For anyone who has enough spare time to dabble around this thing, I apologize. I acknowledge my lack of diligence in updating. It's slightly pathetic.
So what has happened?
Goodness gracious, what hasn't happened?
The rest of the tour this summer was the most exhausting/exhilirating/exhuberant/exhsomething experience of my life. I hated it at times, I loved it most times, and I want to be on the road again. Sadly, college has once again gotten the better of me.
So in the past few months I have gone from being completely broke and completely happy and carefree to being well payed and overworked/exhausted but driven. I figure, I've got one more semester of this and then I am o-u-t and off into the world. I'm okay with that.

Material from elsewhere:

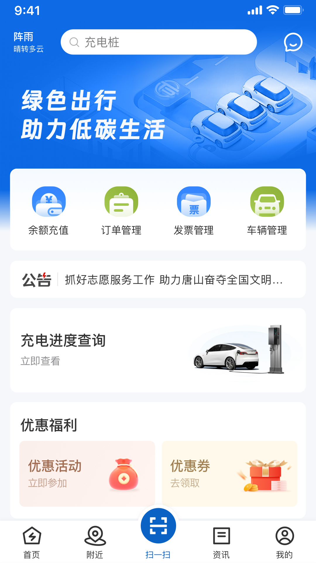唐山能源App,是一款打造新能源汽车充电场景的移动端应用,为唐山市民提供便捷的充电服务,助理市民绿色出行。市民通过唐山新能源App可以进行扫码充电、开具发票、查询订单等服务。

Tony is in Africa, so that's something. I would like to voice my general enthusiasm for that kid. I have never felt/watched myself develop while I was in a relationship like I did with him. Prior to him I felt like every romantic endeavor I had was just part of the process of breaking myself down. For the first time I found myself in something that was building myself back up, and I'm a better person because of it. Hats off to him for going to Africa for two and half years. It'll be interesting to see what man he has grown into when he gets back.
A few weeks ago my cousin Jennifer passed away. It was completely unexpected and traumatic. Also, my first brush with death, and it left me quite shaken. I've come to the conclusion that death is a deep heavy breath for those left behind, a breath of exhaustion. It's also terribly personal and not a subject I care to disclose too much information about on the www.

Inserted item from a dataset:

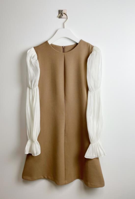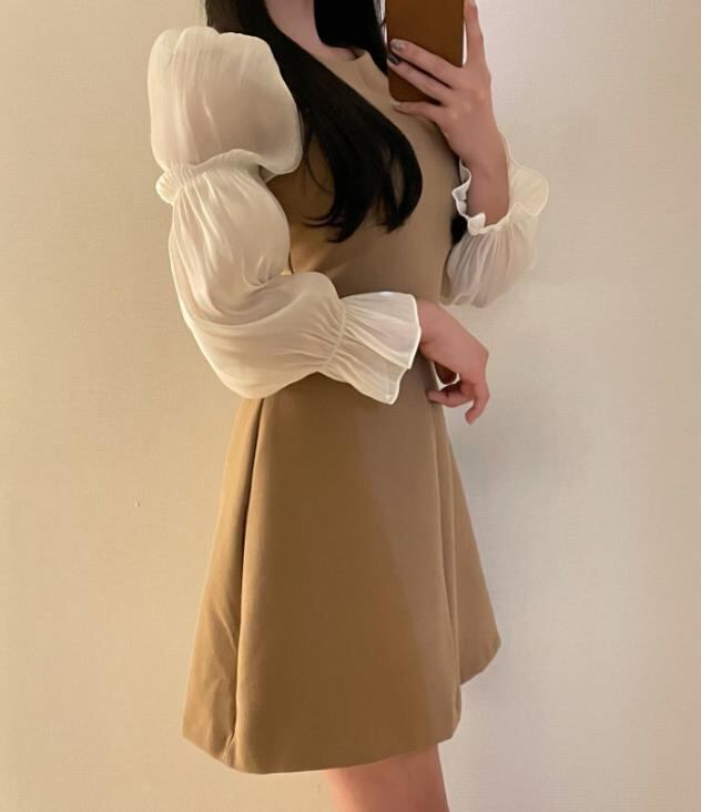春秋新作 女 レディース ハイウエスト 長袖 パフスリーブ ミニ ワンピース ドレス 台型スカート
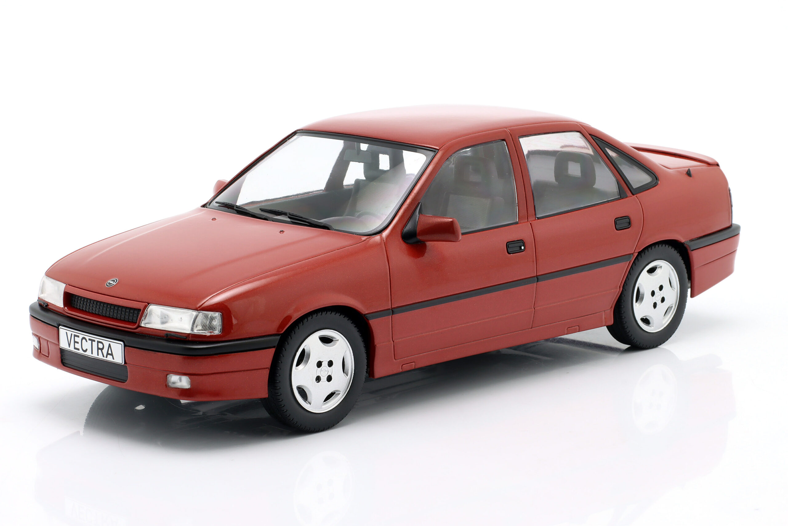 Kolekcjonerski model metalowy z elementami plastikowymi samochodu OPEL VECTRA A 2000 z roku 1988 w kolorze Ciemnoczerwony metallic.Model metalowy,nie posiada otwieranych elementów.

Let's just say my foundations were stirred, and I'm in the process of repair.
My creative writing minor was probably the greatest idea I've ever had. I'm in four english classes right now, a french class, and media ethics. I've decided writing is an venture I will be in pursuit of for the rest of my life. If I hope to never reach the day where I feel my writing is sufficient and completely refined, because that will be the day I've lost my passion for the written word, if that makes sense.
One accomplishment I am incredibly proud of is the alliance I forged myself over the summer with alot of really great authors.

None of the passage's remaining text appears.